### Work instruction
From top to bottom, write out the listing exactly and skip every picture.

### Data block
□ □ □ □ □ □ □

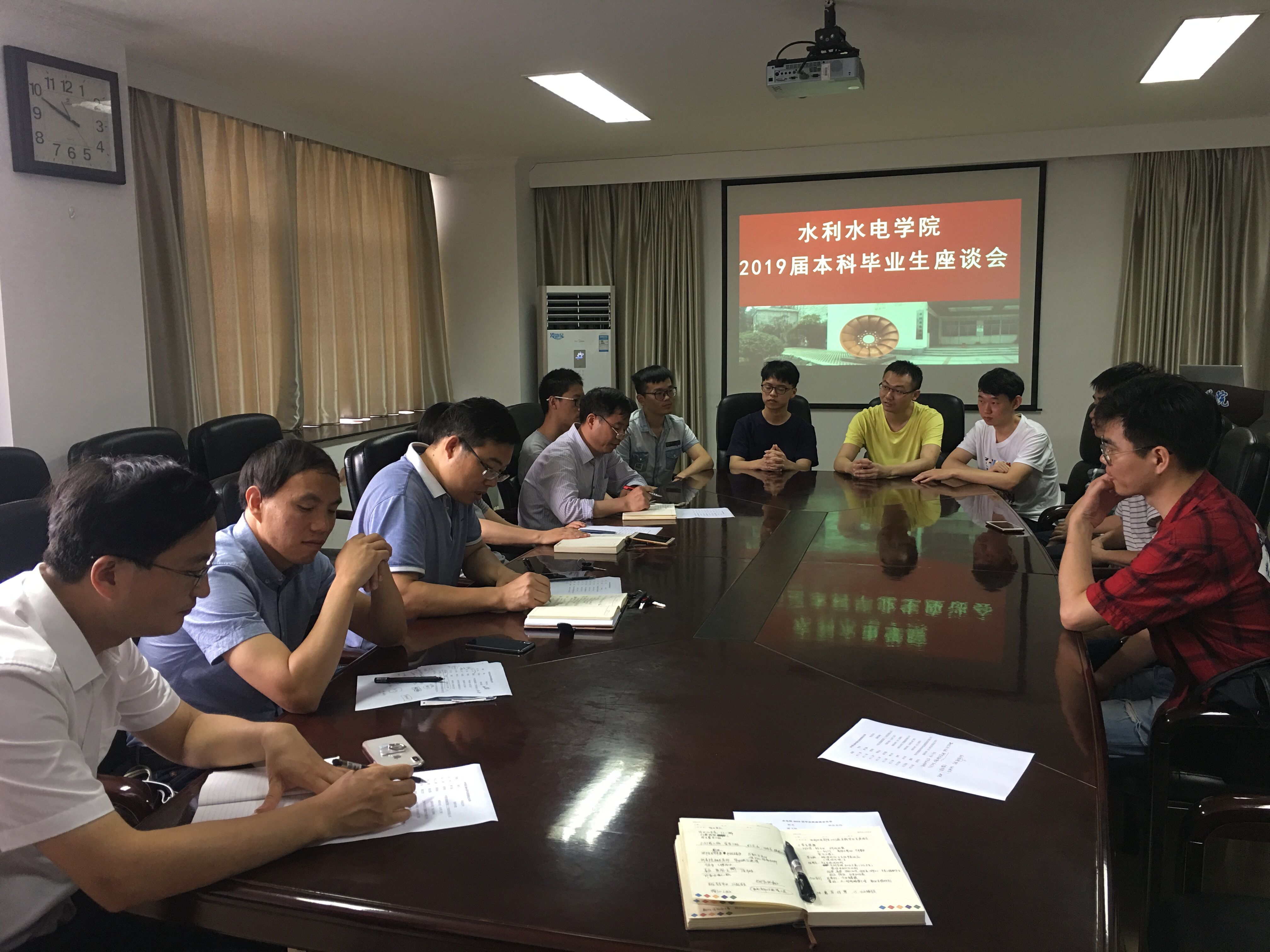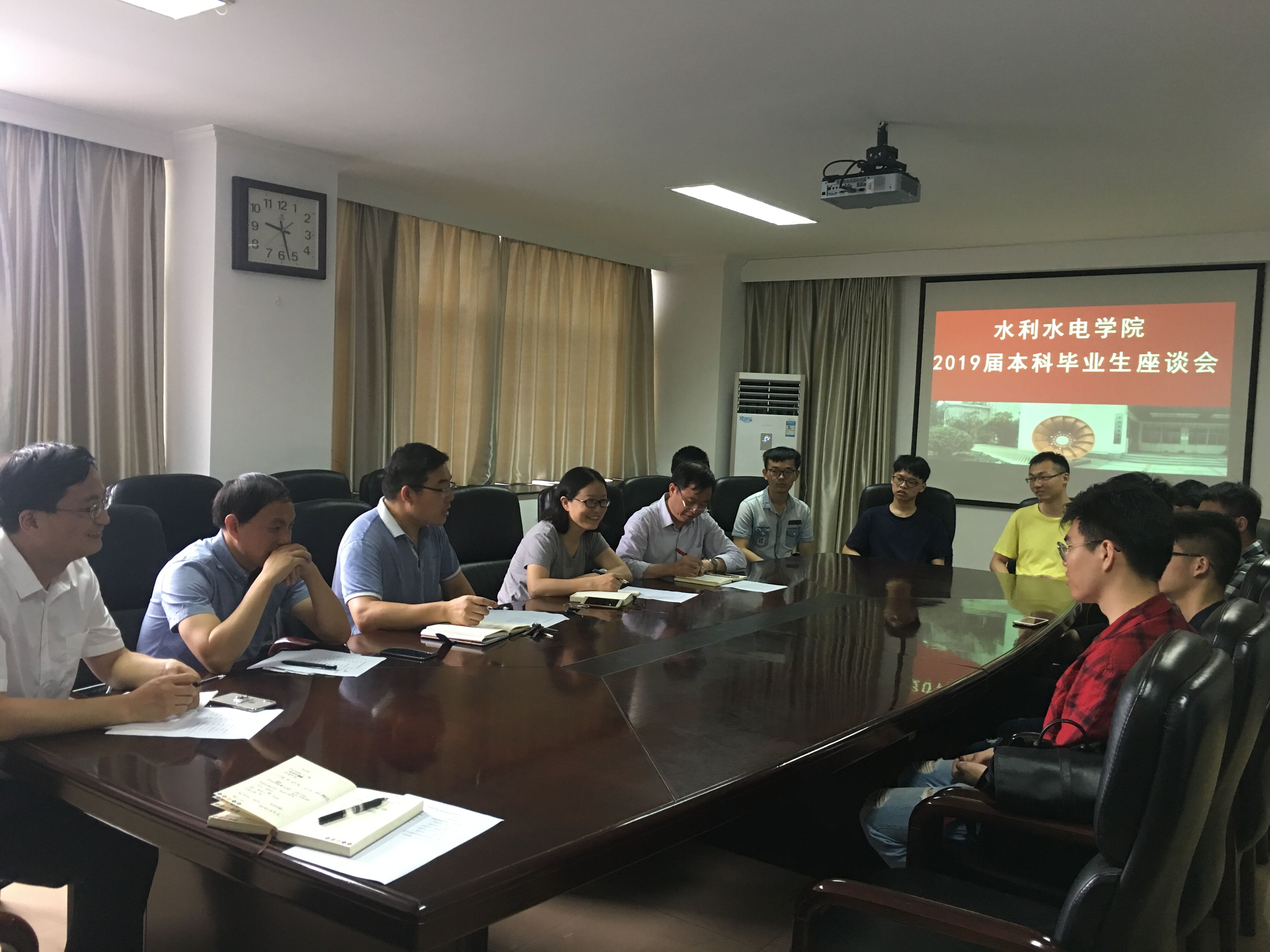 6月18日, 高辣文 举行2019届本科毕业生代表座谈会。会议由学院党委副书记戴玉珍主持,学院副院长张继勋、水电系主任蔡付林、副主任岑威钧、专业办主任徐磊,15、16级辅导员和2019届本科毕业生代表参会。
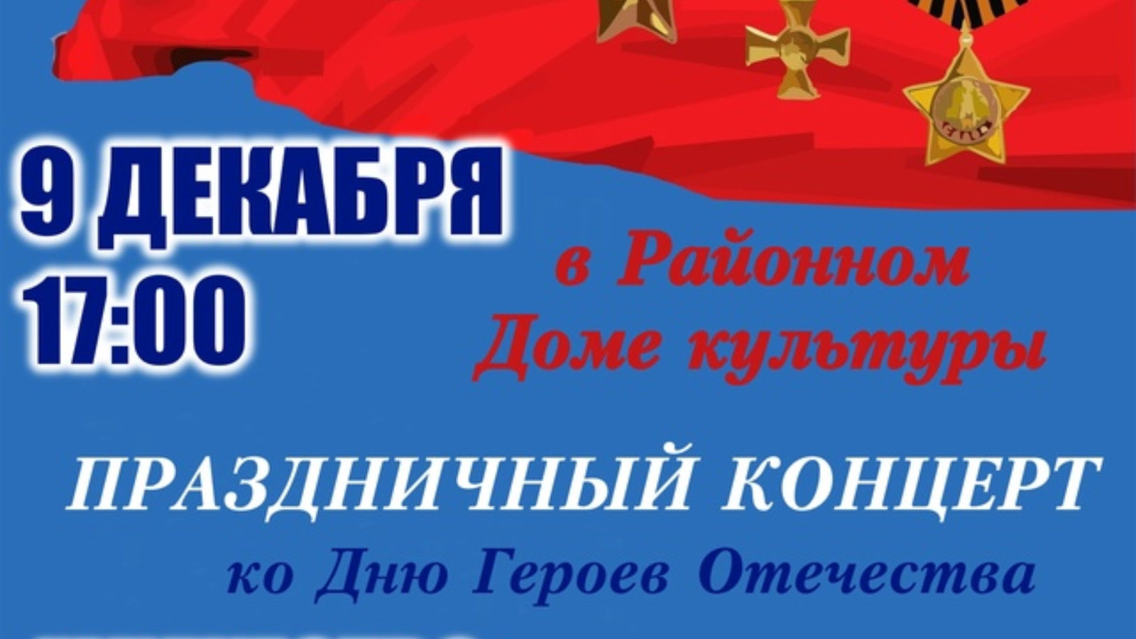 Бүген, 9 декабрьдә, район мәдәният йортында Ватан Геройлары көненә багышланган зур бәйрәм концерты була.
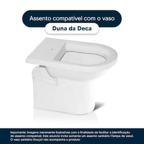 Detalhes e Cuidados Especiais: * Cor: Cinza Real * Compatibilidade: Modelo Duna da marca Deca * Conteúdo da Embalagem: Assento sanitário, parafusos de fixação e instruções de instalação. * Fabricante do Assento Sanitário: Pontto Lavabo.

□ □ □ □ □ □ □

### Answer space
 6月18日, 高辣文 举行2019届本科毕业生代表座谈会。会议由学院党委副书记戴玉珍主持,学院副院长张继勋、水电系主任蔡付林、副主任岑威钧、专业办主任徐磊,15、16级辅导员和2019届本科毕业生代表参会。
 Бүген, 9 декабрьдә, район мәдәният йортында Ватан Геройлары көненә багышланган зур бәйрәм концерты була.
 Detalhes e Cuidados Especiais: * Cor: Cinza Real * Compatibilidade: Modelo Duna da marca Deca * Conteúdo da Embalagem: Assento sanitário, parafusos de fixação e instruções de instalação. * Fabricante do Assento Sanitário: Pontto Lavabo.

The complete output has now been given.